US 11,694,118 B2
System and method for data visualization using machine learning and automatic insight of outliers associated with a set of data
Ashish Mittal, Foster City, CA (US); Victor Belyaev, San Jose, CA (US); Steve Simon Joseph Fernandez, Columbia, MO (US); Gabby Rubin, Sunnyvale, CA (US); Alextair Mascarenhas, Foster City, CA (US); Samar Lotia, Cupertino, CA (US); Alvin Raj, Woburn, MA (US); John Fuller, Chicago, IL (US); and Saugata Chowdhury, Sunnyvale, CA (US)
Assigned to ORACLE INTERNATIONAL CORPORATION, Redwood Shores, CA (US)
Filed by ORACLE INTERNATIONAL CORPORATION, Redwood Shores, CA (US)
Filed on Nov. 9, 2020, as Appl. No. 17/93,563.
Application 17/093,563 is a continuation of application No. 16/148,680, filed on Oct. 1, 2018, granted, now 10,832,171, issued on Nov. 10, 2020.
Claims priority of provisional application 62/566,271, filed on Sep. 29, 2017.
Claims priority of provisional application 62/566,264, filed on Sep. 29, 2017.
Claims priority of provisional application 62/566,263, filed on Sep. 29, 2017.
Claims priority of provisional application 62/566,265, filed on Sep. 29, 2017.
Prior Publication US 2021/0073682 A1, Mar. 11, 2021
Int. Cl. G06N 20/00 (2019.01); G06F 16/248 (2019.01); G06F 16/25 (2019.01); G06F 16/26 (2019.01); G06F 3/0481 (2022.01); G06F 3/0486 (2013.01); G06T 11/20 (2006.01); G06F 16/22 (2019.01)

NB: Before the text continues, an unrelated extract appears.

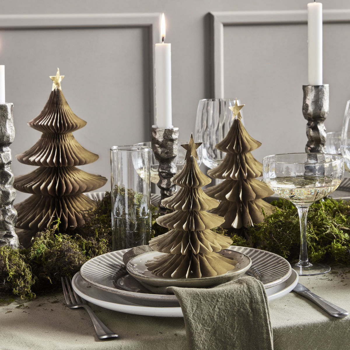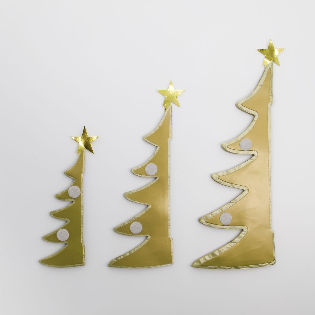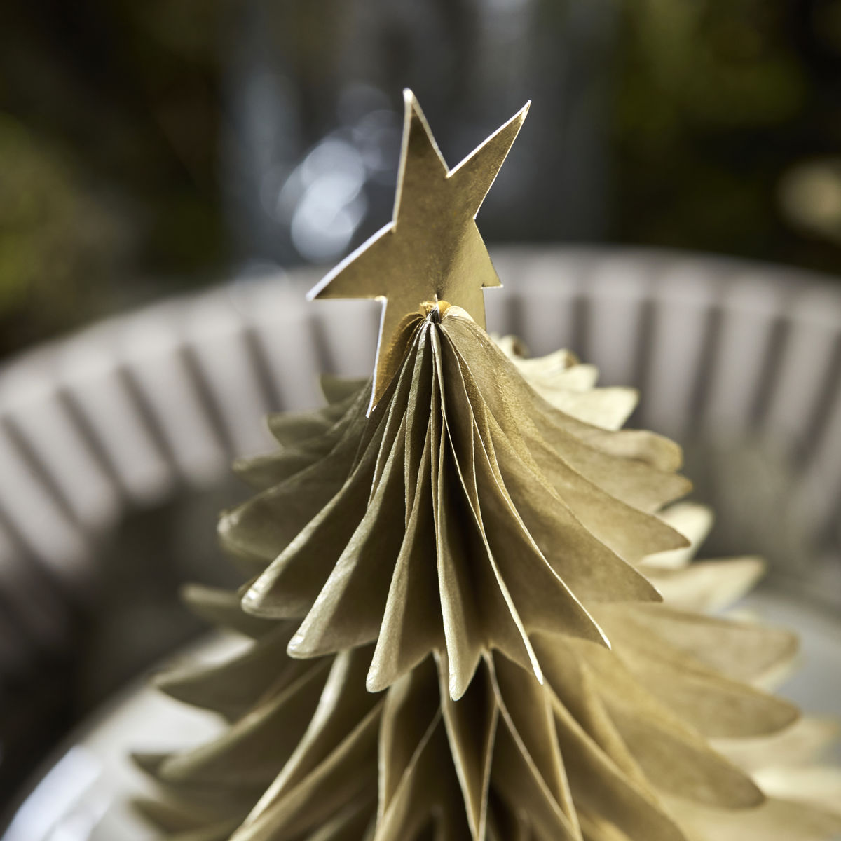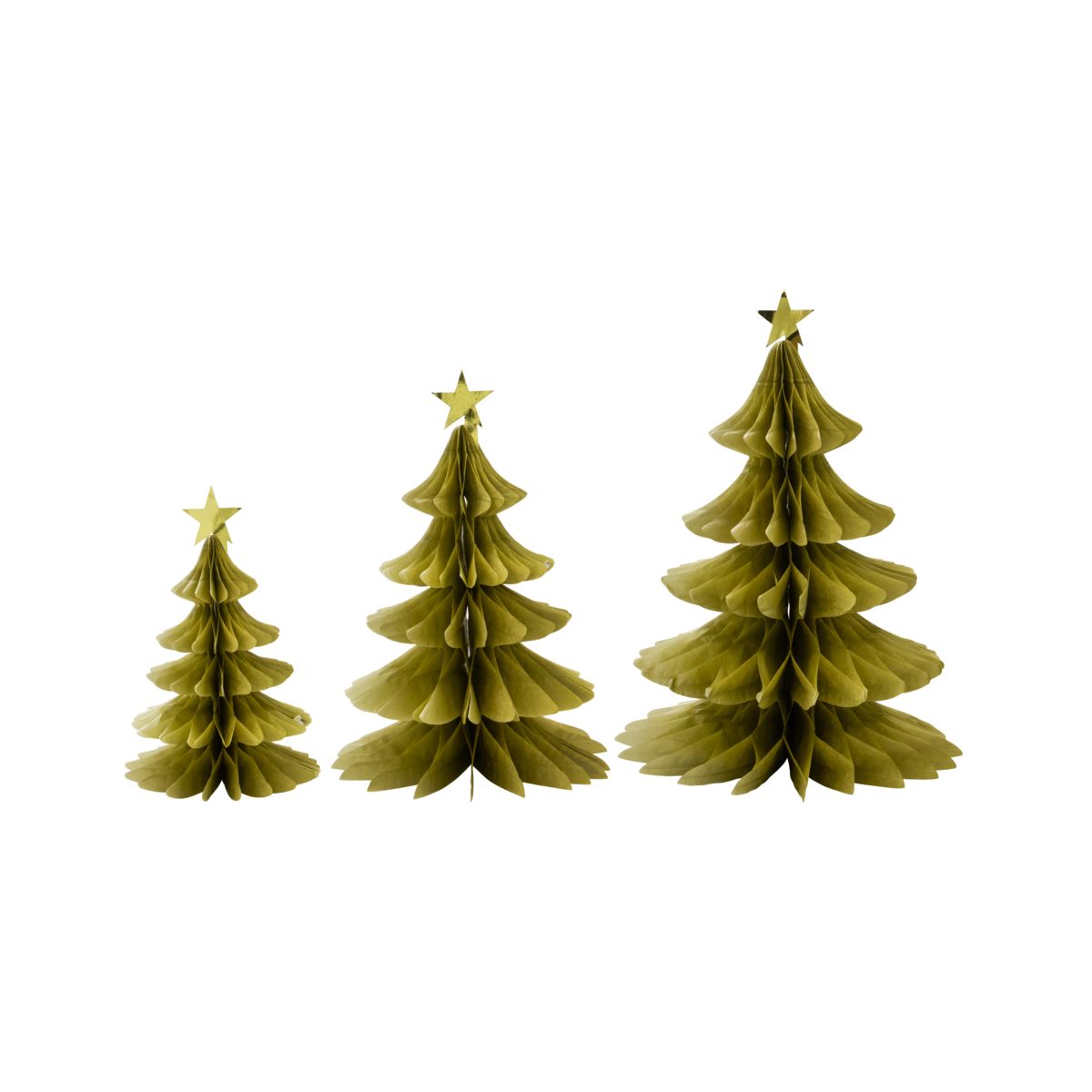 Handgjorda julgranar i papper som ger en gyllene glans till ditt julpynt. Perfekta för bordsdekorationer, fönsterbrädan eller hyllan.– Handgjorda för unik charm– Gyllene färg för festlig glans– Lätta att montera– Set med tre storlekarGe din juldekoration ett glittrande inslag!

CPC G06N 20/00 (2019.01) [G06F 3/0481 (2013.01); G06F 3/0486 (2013.01); G06F 16/2272 (2019.01); G06F 16/248 (2019.01); G06F 16/252 (2019.01); G06F 16/26 (2019.01); G06T 11/206 (2013.01); G06T 2200/24 (2013.01)] 11 Claims
OG exemplary drawing
 
1. A system for use of machine learning in a data visualization environment, to automatically determine, for a set of data, one or more outliers or findings within the data set, comprising:
one or more computer systems or devices, including a microprocessor, and a data visualization service executing thereon that provides access to a database having a data set associated with a plurality of attributes and dimensions;
wherein the data visualization service provides access by a client system to communicate requests for information associated with the data set, and receive at a user interface, findings associated with the data set and displayed as visualizations within the user interface;
wherein the data visualization service is adapted to:
receive, from the client system, an indication of a target attribute of interest as provided within the data set;
determine a plurality of dimension attributes associated with the data set;
for each of one or more pairs of the dimension attributes, calculate, for a first dimension attribute, expected values of the target attribute with respect to values of the target attribute associated with a second dimension attribute;
determine observed values for the target attribute within the data set;
generate ranked findings associated with the data set based on a comparison of the expected values and observed values for the target attribute; and
report the ranked findings to the client system, for use in generating a data visualization for initial display at the user interface;
wherein, after reporting the ranked findings to the client system, the data visualization service automatically continues to evaluate pairs of dimension attributes to determine additional findings, and report the additional findings as the ranked findings to the client system for display at the user interface, the additional findings displayed replacing at least one of the ranked findings in the initial display.